While there are several approaches concerned with products data categorization [8, 12, 13, 15, 16], the approach by Meusel et al. [11] is the most recent approach for exploiting Microdata annotations for categorization of products data. In this approach the authors exploit the already assigned s:Category property to develop distantly supervised approaches to map the products to set of target categories from an existing product catalog.

3 Approach

3.1 Problem Statement

We have a database A of structured product ads and a dataset of unstructured product descriptions P extracted from the Web. Every record a \(\in \) A consist of title, description, URL, and a set of attribute-value pairs extracted from the title of the ad, where the attributes are numeric, categorical or free-text attributes. Every record p \(\in \) P consist of title and description as unstructured textual fields. Our objective is to use the structured information from the product ads set A as supervision for identifying duplicate records in P, or matching products from P to one or more structured ads in A. More precisely, we use the structured information as a supervision for building a feature extraction model able to extract attribute-value pairs from the unstructured product descriptions in P. After the feature extraction model is applied, each product p \(\in \) P is represented as a vector of attributes \(F_p = \left\{ f_1, f_2, ..., f_n\right\} \), where the attributes are numerical or categorical. Then we use the attribute vectors to build a machine learning model able to identify matching products. To train the model we manually label a small training set of matching and non-matching unstructured product offers.

3.2 Methodology

The approach we propose in this paper consist of three main steps: (i) feature extraction, (ii) calculating similarity feature vectors and (iii) classification. The overall design of our system is illustrated in Fig. 1. The products integration workflow runs in two phases: training and application. The training phase starts with preprocessing both the structured product ads and the unstructured product descriptions. Then, we use the structured product ads to build a feature extraction model. In this work we build two strategies for feature extraction (see Sect. 3.3): dictionary-based approach and Conditional Random Fields tagger. Next, we manually label a small training set of matching and non-matching unstructured pairs of product descriptions. We use the created feature extraction model to extract attribute-value pairs from the unstructured product descriptions. Then, we calculate the similarity feature vectors for the labeled training product pairs (see Sect. 3.5). In the final step, the similarity feature vectors are used to train a classification model (see Sect. 3.6). After the training phase is over, we have a trained feature extraction model and a classification model.

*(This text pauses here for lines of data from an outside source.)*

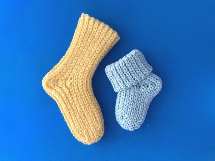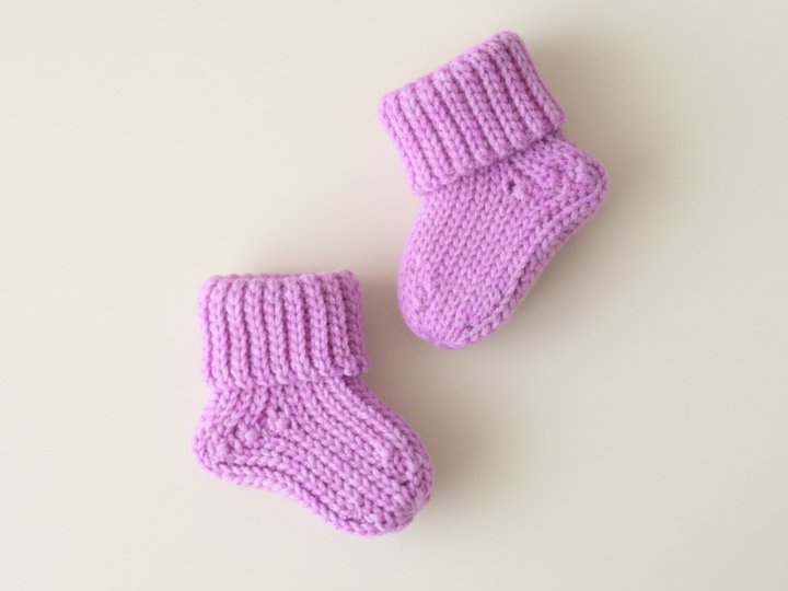 Das senkrechte Kettmaschenmuster im Stricklook und die langen Bündchen sehen bei Jungen und Mädchen gleichermaßen gut aus. Die Söckchen werden in einem Stück quer gehäkelt, wobei die Ferse durch Zunahmen geformt wird. Die flache Nahtlinie an der Innenseite des Söckchens trägt kaum auf. Durch Hinzufügen von Bindebändern (ebenfalls in der Anleitung beschrieben) werden aus den Häkelsöckchen im Handumdrehen Schühchen. Diese niedlichen Babysöckchen eignen sich ideal als Geschenk für Mutter und Baby!
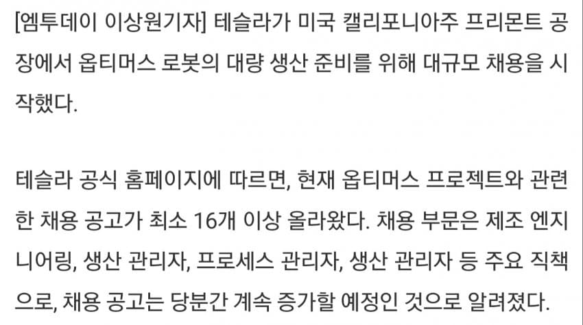 또한 기존 테슬라 프리몬트 공장 내부에서도 옵티머스 로봇들이 생산/테스트 중이며, 프리몬트 공장의 옵티머스 관련 엔지니어 채용도 늘려 생산 역량 확대를 준비하고 있음
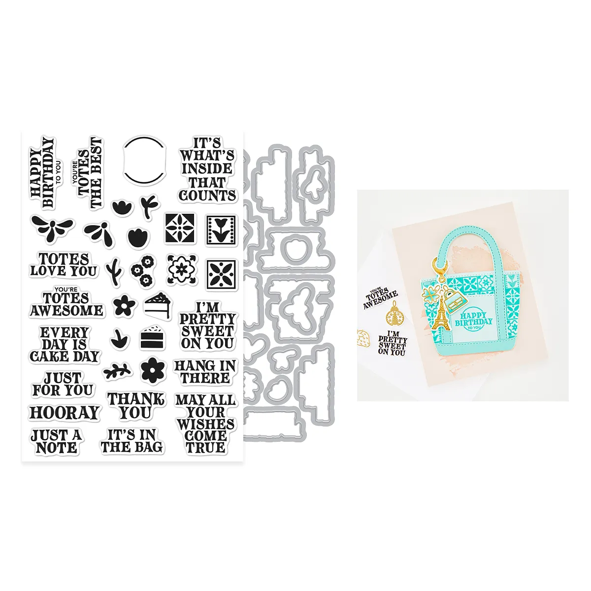 Create bold, joyful messages with the Totes the Best Stamp & Cut. This versatile set combines playful sentiments, decorative icons, and coordinating metal dies for easy layering and dimension.
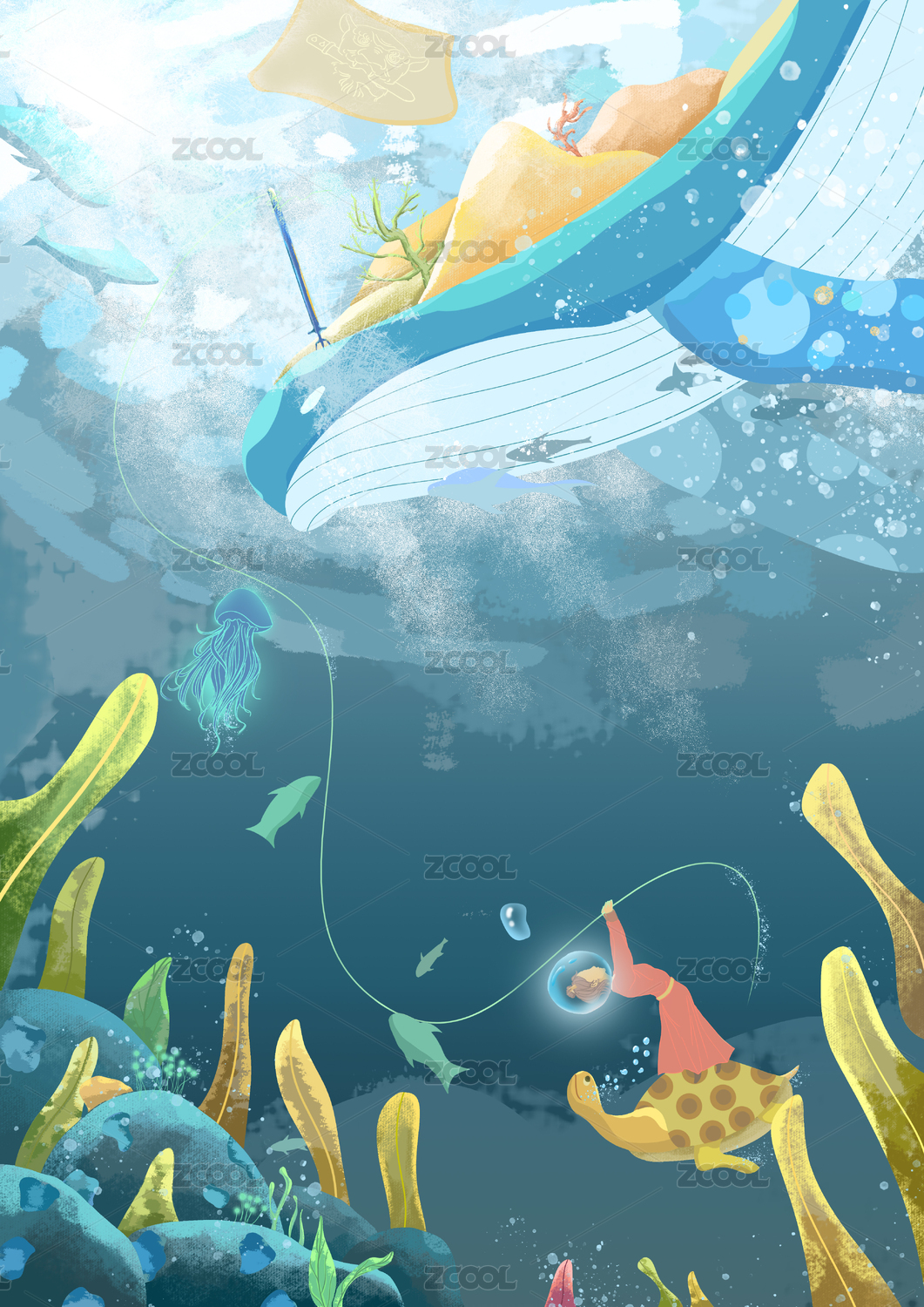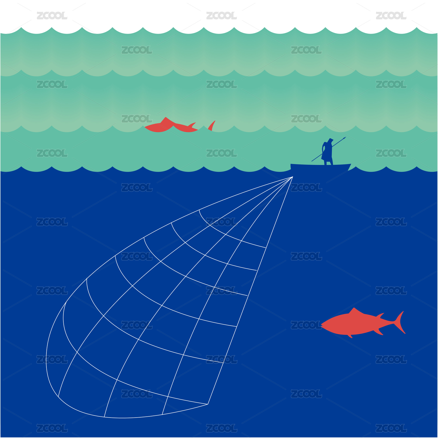 老人駛著小船在海面上捕捉他的獵物,在風浪中與自然作斗爭。矢量插畫
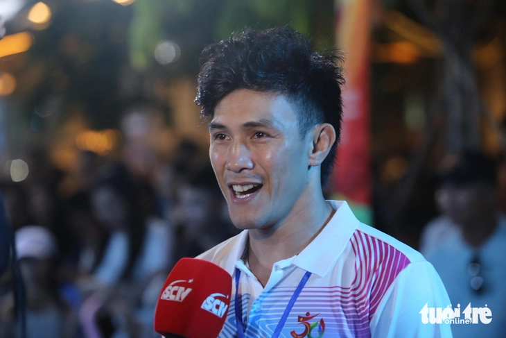 Vận động viên muay Nguyễn Trần Duy Nhất trả lời phỏng vấn trước lễ khai mạc - Ảnh: Đức Khuê
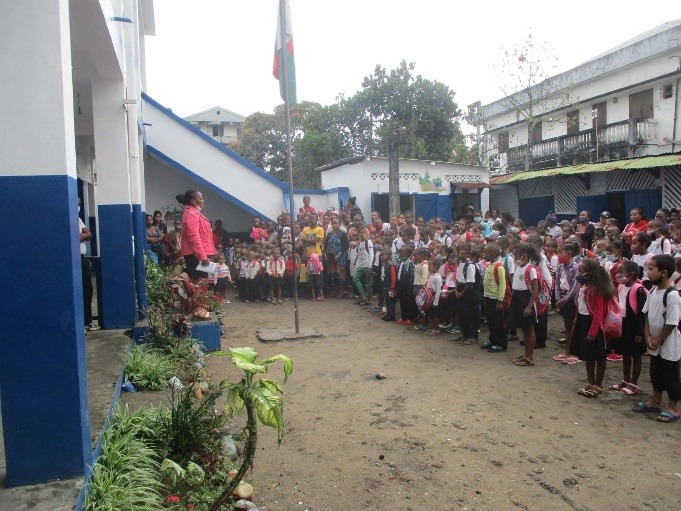 Des élèves de la classe Intégrée, (C.I – handicapés) hissent les couleurs nationales, comme toutes les semaines, avant l’hymne national.

The application phase starts with preprocessing both of the datasets that are supposed to be matchedFootnote 2. Next, we generate a set M of all possible candidate matching pairs, which leads to a large number of candidates i.e., \(|M|=n*(n-1)/2\), if we try to identify duplicates within a single dataset of n products, or \(|M|=n*m\), if we try to match two datasets of products with size n and m, respectively. To reduce the search space we use the brand value for blocking, i.e., we apply the matcher only for pairs of product descriptions sharing the same brand. Then, we extract the attribute-value pairs using the feature extraction model and calculate the feature similarity vectors. In the final step we apply the previously built classification model to identify the matching pairs of products.

Fig. 1.
figure 1

System architecture overview (Color figure online)

3.3 Feature Extraction

In this section we describe two approaches for extracting attribute-value pairs from unstructured product title and description. In particular, both approaches take as an input unstructured text, and output a set of attribute-value pairs.

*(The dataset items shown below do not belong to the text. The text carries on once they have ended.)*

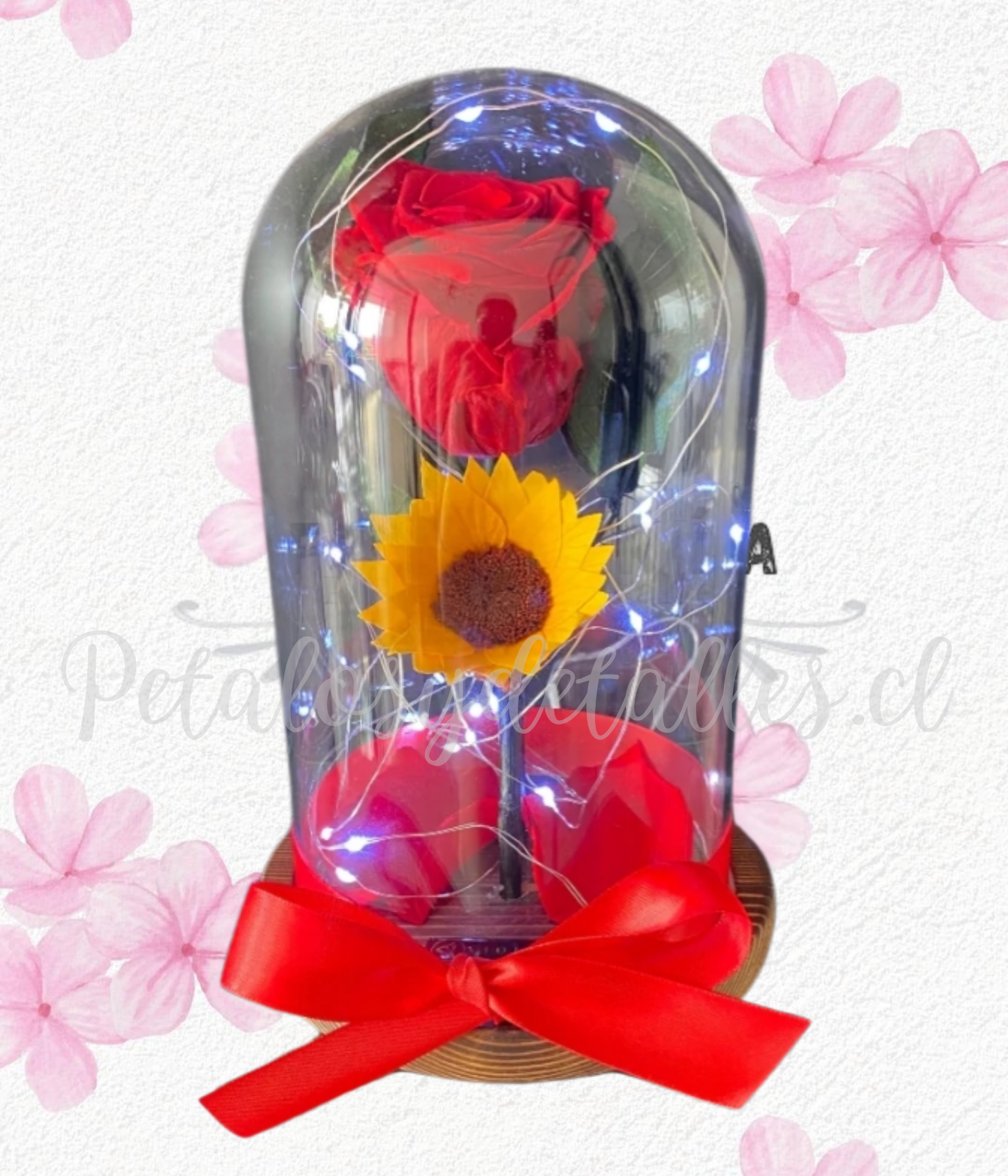 Rosa preservada eterna en cúpula de vidrio, acompañada de girasol preservado.
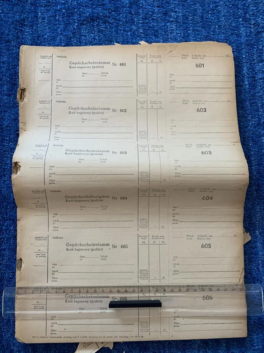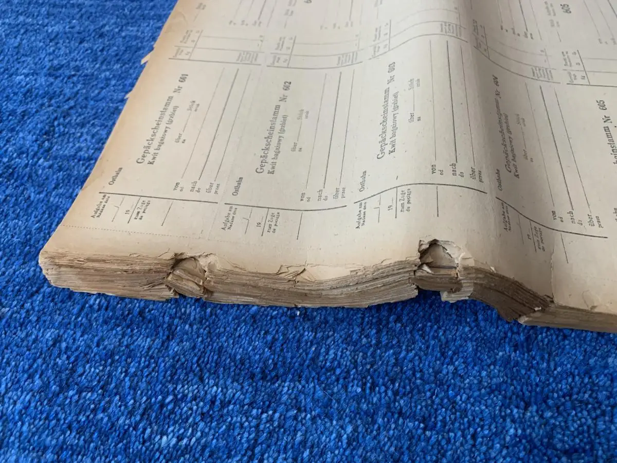 Großes Formular mit Abrißmöglichkeit für die Gepäckscheine. Dieses Formular ist vielfach da. Aufgrund der Größe (A3) ist es mittig gefaltet und unten ausgerissen (Alter). Es lassen sich aber viele (mehrere 100) vollständige Gepäckscheine daraus machen.
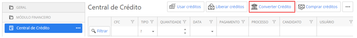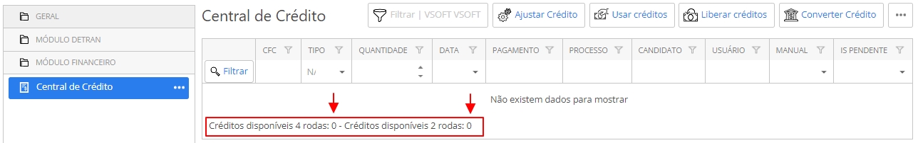 - Na parte inferior do lado esquerdo estará visível se o CFC possui créditos disponíveis de ambas as categorias.
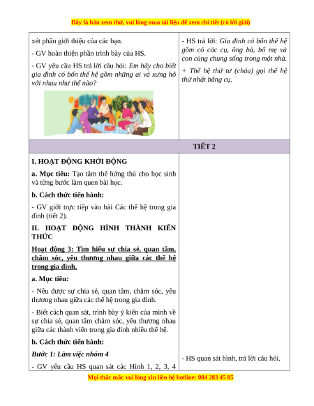 - Nêu được các thành viên trong gia đình nhiều thế hệ (hai thế hệ, ba thế hệ,…)
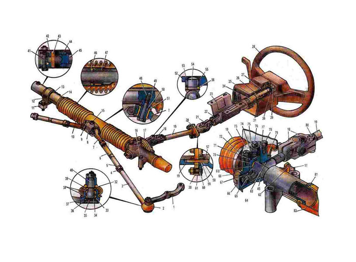 хол рулевого механизма и рулевые шарниры, а
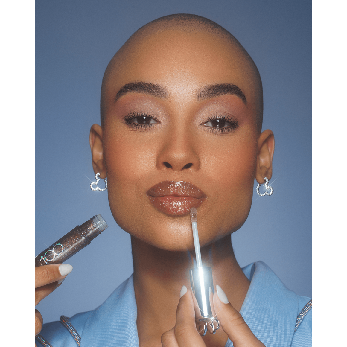 Aplique diretamente nos lábios. Faça o contorno do cupido. Se necessário aplique uma nova camada para intensificar o brilho. Como topper pode ser aplicado por cima do seu batom favorito.

Dictionary-Based Approach: To implement the dictionary-based approach we were motivated by the approach described by Kannan et al. [8]. We use the set of product ads in A to generate a dictionary of attributes and values. Let F represent all the attributes present in the product ads A. The dictionary represents an inverted index D from A such that D(v) returns the attribute name f \(\in \) F associated with a string value v. Then, to extract features from a given product description p, we generate all possible n-grams (\(n \le 4\)) from the text, and try to match them against the dictionary values. In case of multiple matches, we choose the longest n-gram.

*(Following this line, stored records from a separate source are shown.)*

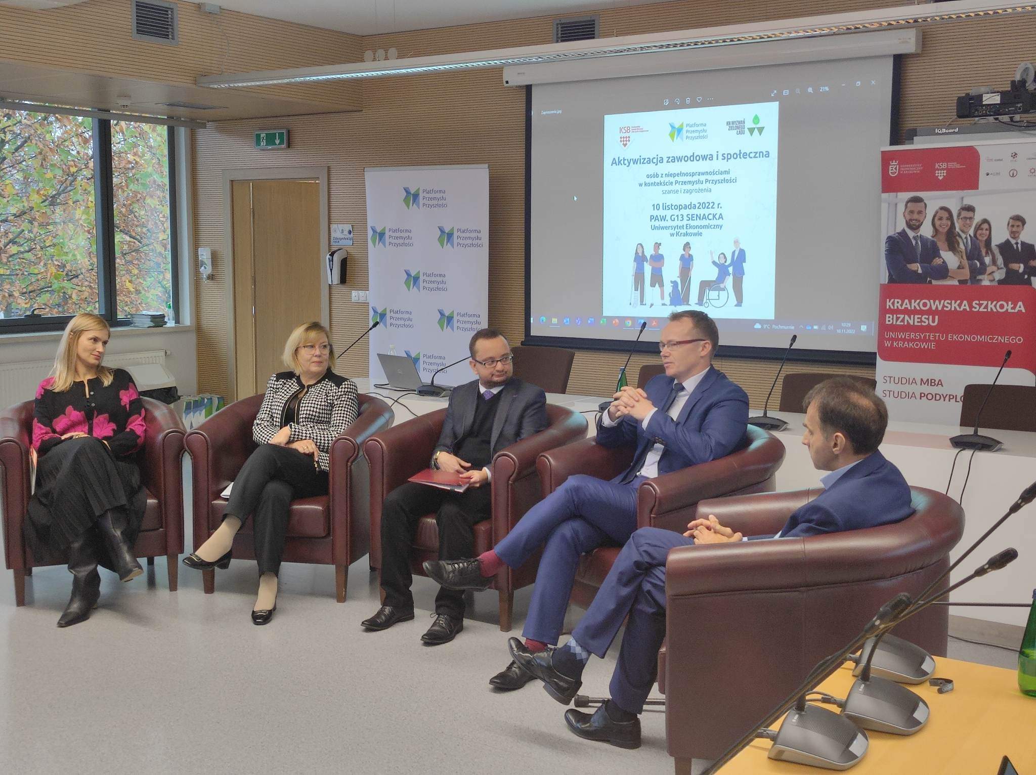 Obecni na konferencji przedstawiciele Uniwersytetu Ekonomicznego opowiedzieli o postępach w dostosowywaniu uczelni do potrzeb osób z różnymi niepełnosprawnościami. Jako realizatorzy projektu „UEK Odpowiedzialny” kładą nacisk nie tylko na wykształcenie studentów w konkretnych dziedzinach naukowych, ale również na wykreowanie studentów na obywateli wrażliwych na los drugiego człowieka. Podkreślono, że to w nich jest potencjał przyszłych przedsiębiorców i pracodawców, którzy mogą prowadzić biznes odpowiedzialny społecznie.
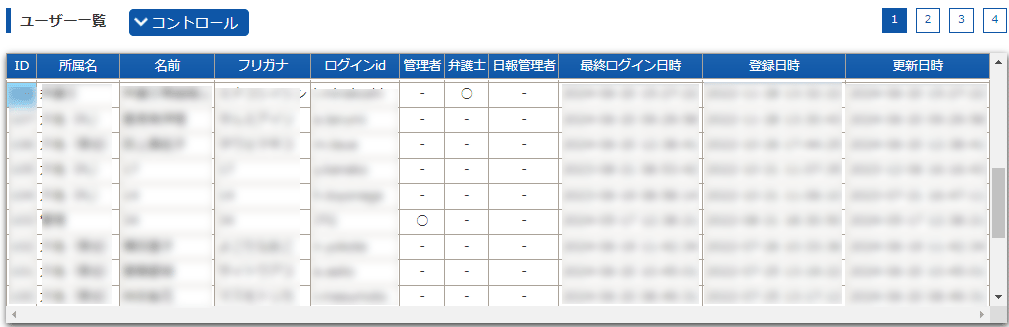 一覧の中から対象ユーザーを選択した状態(選択されているとID部分が水色になる)で、各動作を行う。
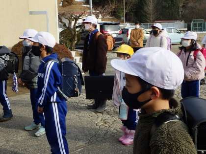 2月9日 安全に登下校を 公開日 2022/02/09 更新日 2022/02/09 学校の特色ある活動 子どもたちは雪道を登下校します。通学団ごとに並び順を守って安全に登下校ができるように担当の先生が呼び掛けました。
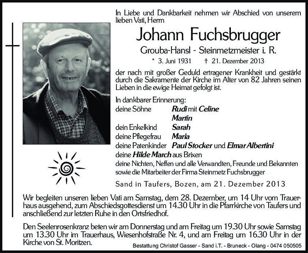 Wir begleiten unseren lieben Vati am Samstag, dem 28. Dezember, um 14 Uhr vom Trauer-haus ausgehend, zum Abschiedsgottesdienst um 14.30 Uhr in die Pfarrkirche von Taufers und anschließend zur letzten Ruhe in den Ortsfriedhof.
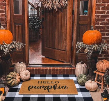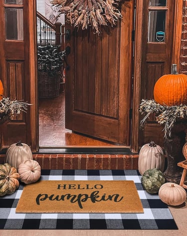 Welcome your guests with a this seasonal door mat and outdoor rug combo that will elevate your front porch.
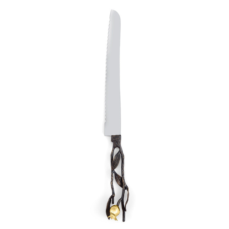 - Bread Knife: Serrated stainless steel blade, oxidized brass, and 24K gold plate / 13.5" L

Conditional Random Fields: As the dictionary-based approach is able to extract only values that were seen, we need to use more advanced approach that is able to extract unseen attribute-value pairs. A commonly used approach for tagging textual descriptions in NLP are conditional random field (CRF) models. A CRF is a conditional sequence model which defines a conditional probability distribution over label sequences given a particular observation sequence. In this work we use the Stanford CRF implementationFootnote 3 in order to train product specific CRF models [5]. To train the CRF model the following features are used: current word, previous word, next word, current word character n-gram (n \(\le \) 6), current POS tag, surrounding POS tag sequence, current word shape, surrounding word shape sequence, presence of word in left window (size = 4) and presence of word in right window (size = 4).

To train the CRF model we use the structured product ads from database A. That means that the model is able to extract only attribute names that appear in the database A, but it can tag values that don’t appear in the database.

Custom Feature Extraction: Beside the supervised extraction approaches, we extract several more features for all unstructured products. We use the product Web domain name, and the product URL (both are considered a long string in the following section). The rationale for using these two fields is that often important keywords can be found in the product URL, and the domain might be a good indicator about the type of the product.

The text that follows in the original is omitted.